Разумеется, он, Набоков, ответил утвердительно. «Ах, какое совпадение! – воскликнул Дейч. – Ваш отец вел следствие по моему делу, и хотя послал на каторгу, но сделал это, как бы это сказать… вынужденно! Он послал, а вы возвращаете. Не правда ли, знаменательное совпадение, а?» Вот и все, что хотел рассказать Набоков. Занятно? Нет, что ни говорите, но среди старых русских чиновников были истинные демократы. Как вы находите. Петр… Петр…

– Дорофеевич.

– Да, как вы находите. Петр Дорофеевич?

Петр внимательно взглянул Набокову в глаза: зачем он призвал сюда тень отца? Конечно, не затем, чтобы сказать, как либерален был отец, скорее всего, как человечен и, больше того, либерален он сам, Константин Набоков, вчера еще слуга монарха, а сегодня… И все-таки ничто так не выражало тогда, в апреле, душевного смятения Набокова, как этот монолог. Но тогда за спиной Набокова было правительство, правда, временное, неправомочное, обремененное страхом и сомнениями, но все-таки правительство, а как теперь?

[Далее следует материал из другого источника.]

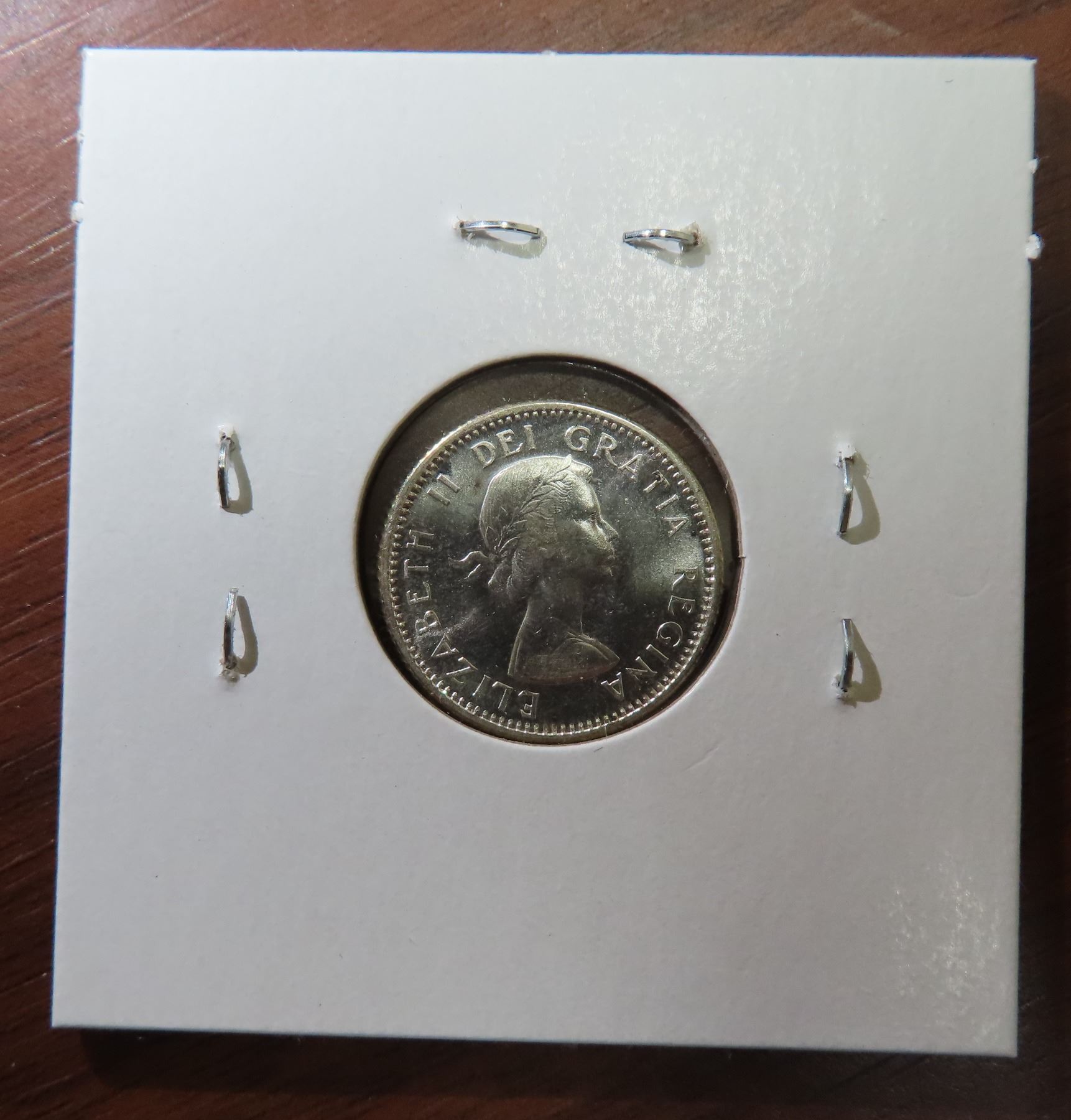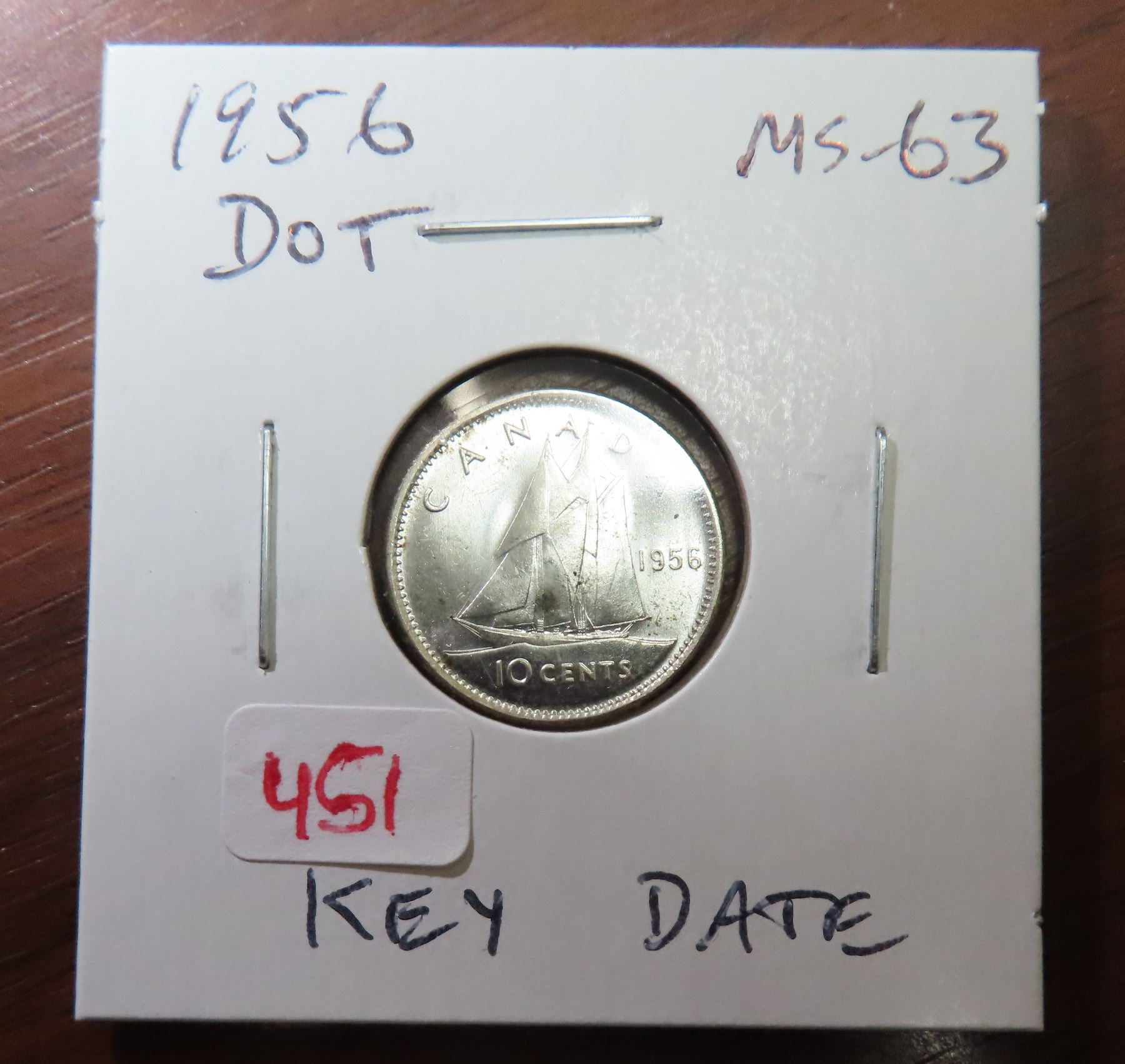 1956 Dot Canadian Silver 10 Cents. Scarce Dot variety. MS-63 with carbon spots.
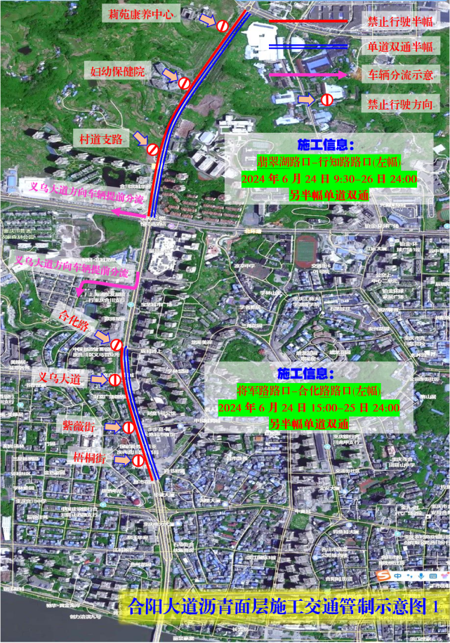 特别说明:施工期间,右幅道路(施工的另外半幅)将采用单道双通进行临时交通管制;与施工路段平交的各个路口在路面清扫后将临时断道,车辆需绕行(特别是义乌大道方向车辆需提前分流);妇幼保健院路口在清洁后保留路口通行,沥青摊铺后将存在2-3小时短暂临时断道(降至合适温度时提前洒水降温)。

Никогда прежде посольский особняк не казался Петру таким сумрачным. Черные деревья без листвы, черные клумбы, да и сам особняк ненастно-темный. Петр не без изумления обнаружил: парадная дверь посольства заперта. Петр позвонил – один раз, второй. Что-то громоздкое и трудно повинующееся пришло в движение. Потом дверь приоткрылась, из темноты глянул глаз, неприязненно-строгий. Петр сказал, что хочет видеть Набокова, и напомнил, что был у него в апреле. Прошло немало времени, прежде чем раскрылась перед Петром посольская дверь. В особняке было полутемно. Поодаль, у окна, сидел все тот же швейцар, но не в ливрее, а в скромной куртке и, прихлебывая, пил из блюдечка чай. От блюдечка валил пар, – видно, особняк плохо отапливался. Потом швейцар неопределенно крикнул во тьму, и появился юноша. Железные щеки юноши были тщательно выбриты и промыты, и воротничок безупречно чист и тверд, и костюм сидел безукоризненно, только под глазами собралось больше черноты, чем следует, а она, как известно, от избытка радости не возникает. Он поклонился Петру и пропал во тьме. Где-то в утробе особняка ожесточенно хлопнула дверь, прежде чем вылощенный юноша возник вновь. Он вздохнул, поклонился и предложил Петру следовать за ним. Ковровая дорожка скрадывала шаги. Лампы тяжелых торшеров давали ровно столько света, сколько требовалось, чтобы обозначить тусклую медь дверных ручек. Юноша приоткрыл массивную дверь и впустил Петра.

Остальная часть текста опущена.